Nicholas Johnson was quoted in a Christian Science Monitor article about efforts to pass legislation that would restrict gun access to those on terrorist watch lists.

Sen. Diane Feinstein (D) of California has proposed legislation that would give the Justice Department, specifically the US Attorney General, the power to prevent suspected terrorists from buying weapons, whether or not their names appeared on the government’s official lists, as Politico reported. A proposal from Sen. John Cornyn (R) of Texas, meanwhile, takes the issue to the judiciary, giving a judge three days after the attempted sale to prove there was probable cause to deny the sale.

Nicholas Johnson, a professor at the Fordham University School of Law in New York, tells The Christian Science Monitor that the argument signifies a shift in thought from both sides of the aisle. In debates about NSA surveillance and the USA PATRIOT Act, Republicans had been arguing for widening executive branch discretion, while Democrats had been requesting judicial involvement.
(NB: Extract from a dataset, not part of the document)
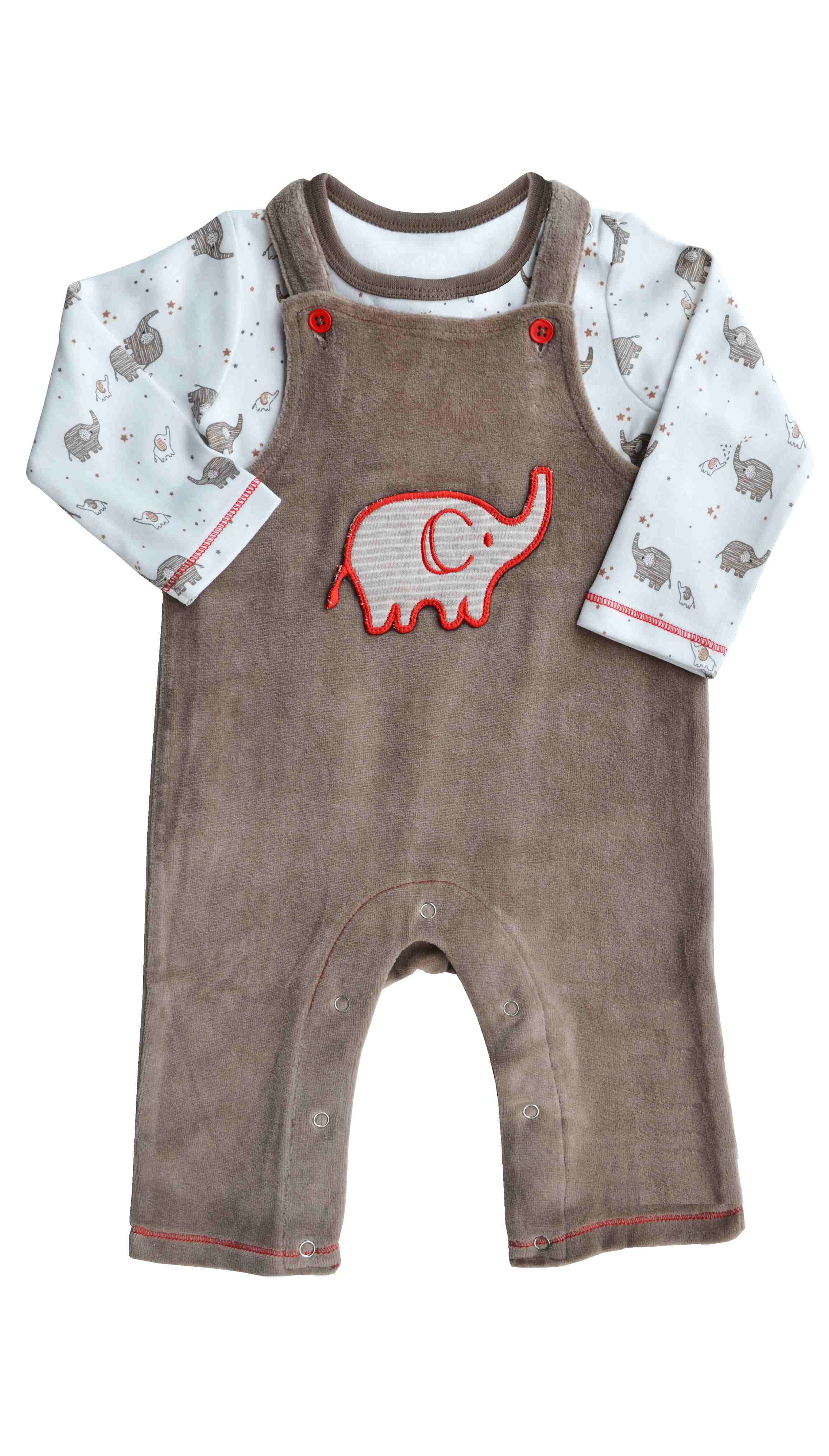 All Over Elephant Print T-Shirt With Brown Romper Set

“Things are a little flipped here, where you have the Democrats in this context making what would be a Republican argument, and the Republicans saying no, you can’t give law enforcement this kind of discretion, you need to have a judge make this kind of determination,” he says.

Professor Johnson says it is clear why legislators would want to use the terror watch lists to keep guns away from those listed. From a civil liberties standpoint, however, using the lists to deny Second Amendment rights could be problematic.

“The terror watch list and the no-fly list are some sort of secretive process that you really can’t do much about … and I guess necessarily so, since there are secret evaluations that go on to put people on it or take people off it,” he said.

Since people on the watch lists haven’t been arrested or accused of anything, Johnson argues, using the list to deny people firearms could subvert due process.

“You are essentially treating people the same way you would treat someone who’s actually convicted of crime,” he said.